Use this page when the same cluster runs on an immutable operating system, because the Kubernetes step on immutable OS replaces nodes from a new MicroOS-based VM template rather than upgrading binaries in place.

INFO

Version

DCS provider v1.0.16 is the first release that supports pool-managed persistent disks.

INFO

Existing Cluster Migration

If your cluster runs ACP v4.2.1 or later and you are moving to DCS provider v1.0.16 or later, complete the migration procedure in Migrate Existing Huawei DCS Clusters to Pool-Managed Persistent Disks before you rely on upgrade-time disk preservation.

Upgrade Sequence

Upgrade DCS clusters in the following order:

(Prerequisite) Upgrade the ACP platform on the management cluster first. This brings the cluster-api-provider-dcs controller and the related CAPI components (core, KubeadmControlPlane provider, bootstrap provider) to versions that understand the new schema. Trigger workload-cluster upgrades only after the management-side controllers have rolled out and become Ready.
Upgrade the Distribution Version (Aligned Extensions) on the workload cluster. See Upgrading Distribution Version.
Upgrade the control plane Kubernetes version.
Upgrade worker nodes to the target Kubernetes version.
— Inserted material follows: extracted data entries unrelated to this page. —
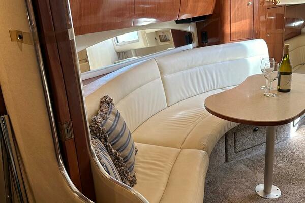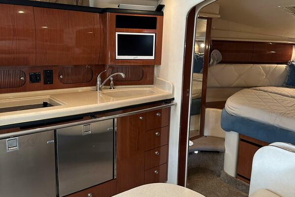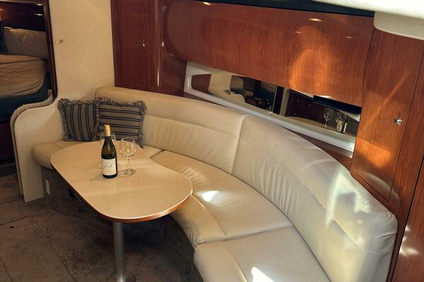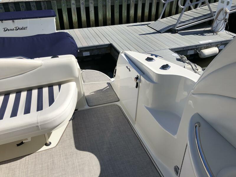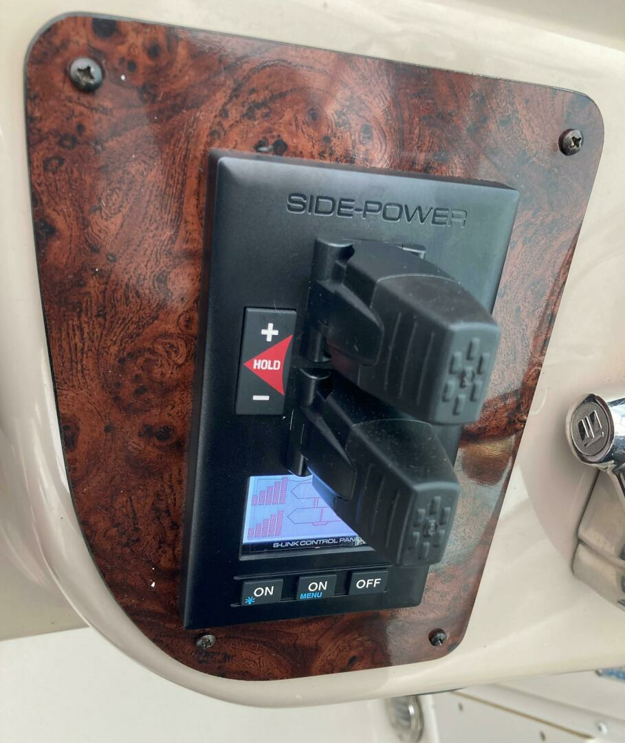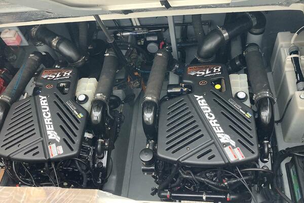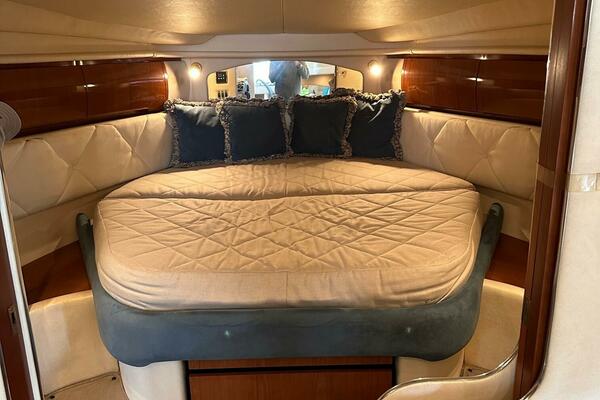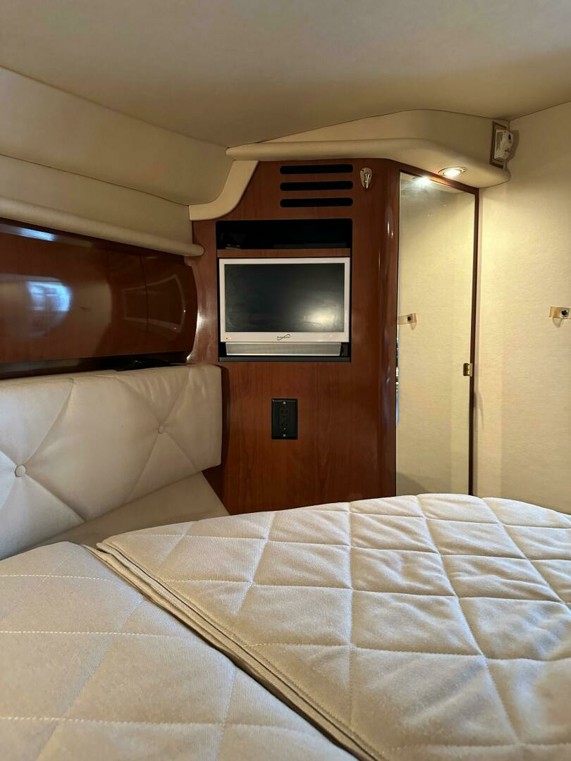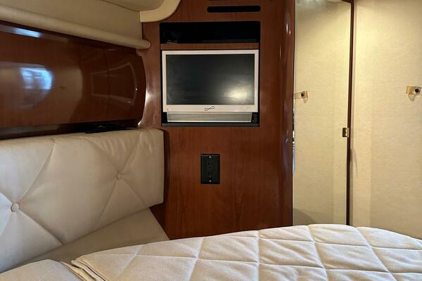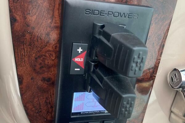 A truly immaculately kept boat with several recent upgrades. Well maintained by her meticulous owner of 10 years. Bow and stern thrusters, generator, air/heat, TVs, full electronics, slant-back dark blue canvas and many other upgrades. Powered with T-370hp Mercruiser 8.1S Horizon V-Drive engines.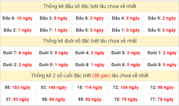 Đuôi 0 gan 1 ngày – Đuôi 1 gan 41 ngày – Đuôi 2 gan 8 ngày – Đuôi 3 gan 11 ngày – Đuôi 4 gan 5 ngày – Đuôi 5 gan 3 ngày – Đuôi 6 gan 0 ngày – Đuôi 7 gan 6 ngày – Đuôi 8 gan 4 ngày – Đuôi 9 gan 7 ngày.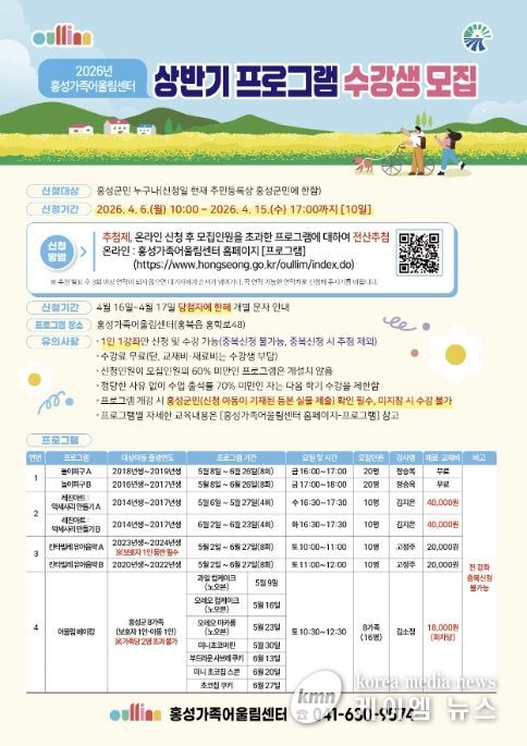 모집 기간은 2026년 4월 6일 10시부터 4월 15일 17시까지로, 접수 방법은 홍성가족어울림센터 홈페이지에서 온라인 접수로만 가능하다.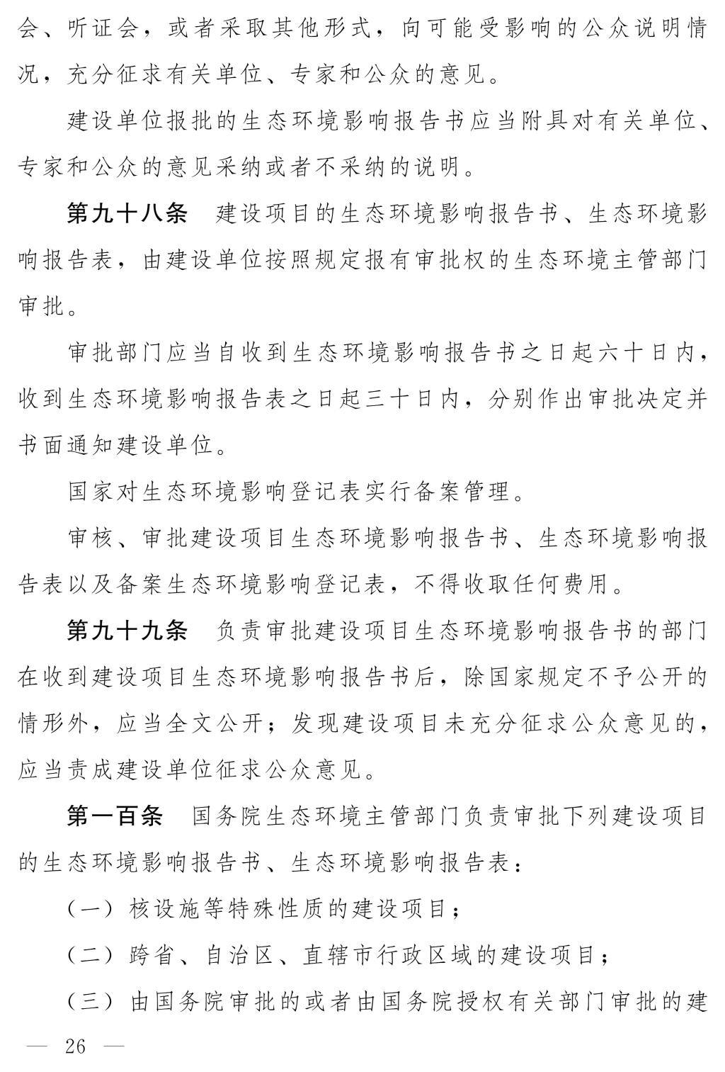 十四届全国人大常委会第十七次会议对《生态环境法典总则编(草案二次审议稿)》进行了审议。现将《生态环境法典总则编(草案二次审议稿)》公布,社会公众可以直接登录中国人大网(www.npc.gov.cn)或国家法律法规数据库(flk.npc.gov.cn)提出意见,也可以将意见寄送全国人大常委会法制工作委员会(北京市西城区前门西大街1号,邮编:100805。信封上请注明生态环境法典总则编草案二次审议稿征求意见)。征求意见期限为30日。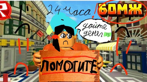 24 часа стала бомжом в роблокс!?😲 Как такое возможно?🤦 //ROBLOX//🍉❤️🧡💛🍉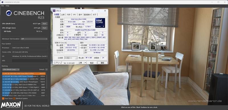 CINEBENCH R23测试,CPU单核成绩2215,多核成绩42377。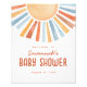 Welcome your little ray of sunshine with this Boho Sunshine Neutral Baby Shower Welcome Sign featuring an adorable yellow, gold, orange, blue and peach watercolor sunshine.
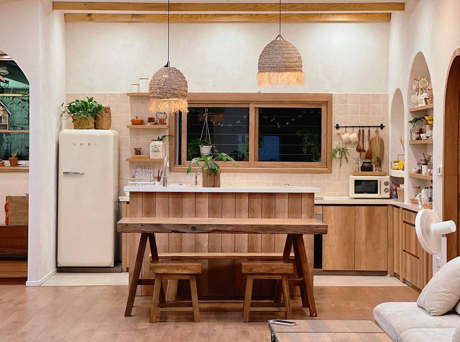 Chủ nhà đã lựa chọn những tông màu sáng cho bếp, đồng thời làm cửa sổ lớn để đón ánh sáng tự nhiên. Phong cách vintage được thể hiện rõ tại khu vực này khi nội thất thể hiện sự mộc mạc, tối giản.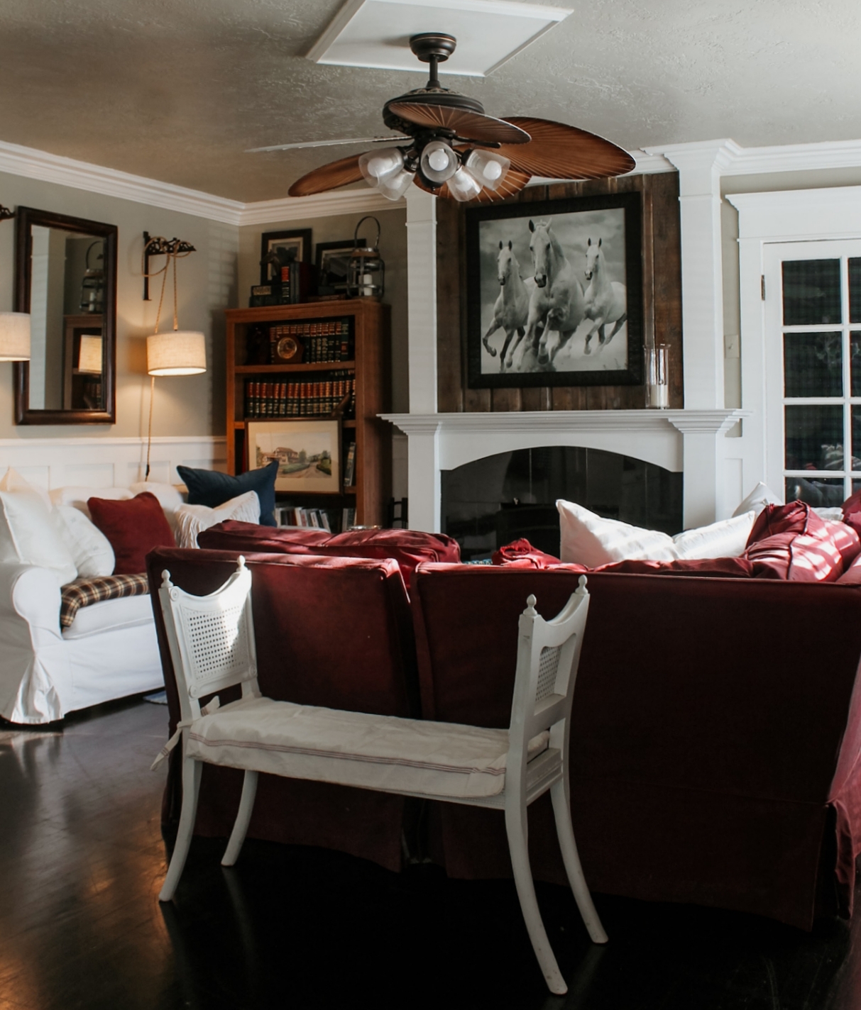 This last look at my bedroom shows how versatile horse decor can be. The space leans more rustic and country, with wood ceilings, a denim ottoman, and a cow skull on the brick chimney. The horse artwork itself has a more relaxed, country feel, while equestrian art often features horses styled for polo or classic hunting scenes.

Cluster API orchestrates rolling updates with built-in safety mechanisms to reduce service disruption.

WARNING

Skipping step 1 risks two failure modes: the old controller silently ignores new schema fields written to DCSIpHostnamePool / DCSMachineTemplate; or a controller image swap mid-rollout interrupts persistent-disk state-machine progression. Always settle the management-side upgrade before touching workload rollout.

Prerequisites

Before you start, ensure all of the following prerequisites are met:

The Distribution Version upgrade is complete
The control plane is reachable
All nodes are healthy and in Ready state
The IP Pool has sufficient capacity for rolling updates
The VM template supports the target Kubernetes version. See OS Support Matrix for version mapping
The target Kubernetes version is compatible with your workloads and add-ons
DCS VM templates are 4.2.1 or later if you use pool-managed persistent disks, because safe shutdown and disk detach depend on guest tools
If you rely on pool-managed persistent disks, keep KubeadmControlPlane.spec.rolloutStrategy.rollingUpdate.maxSurge = 0 and each MachineDeployment.spec.strategy.rollingUpdate.maxSurge = 0

WARNING

Disk Preservation Model

Upgrades rely on Cluster API's rolling update mechanism. Each cluster has four disk classes; only the pool-managed class survives a delete-recreate.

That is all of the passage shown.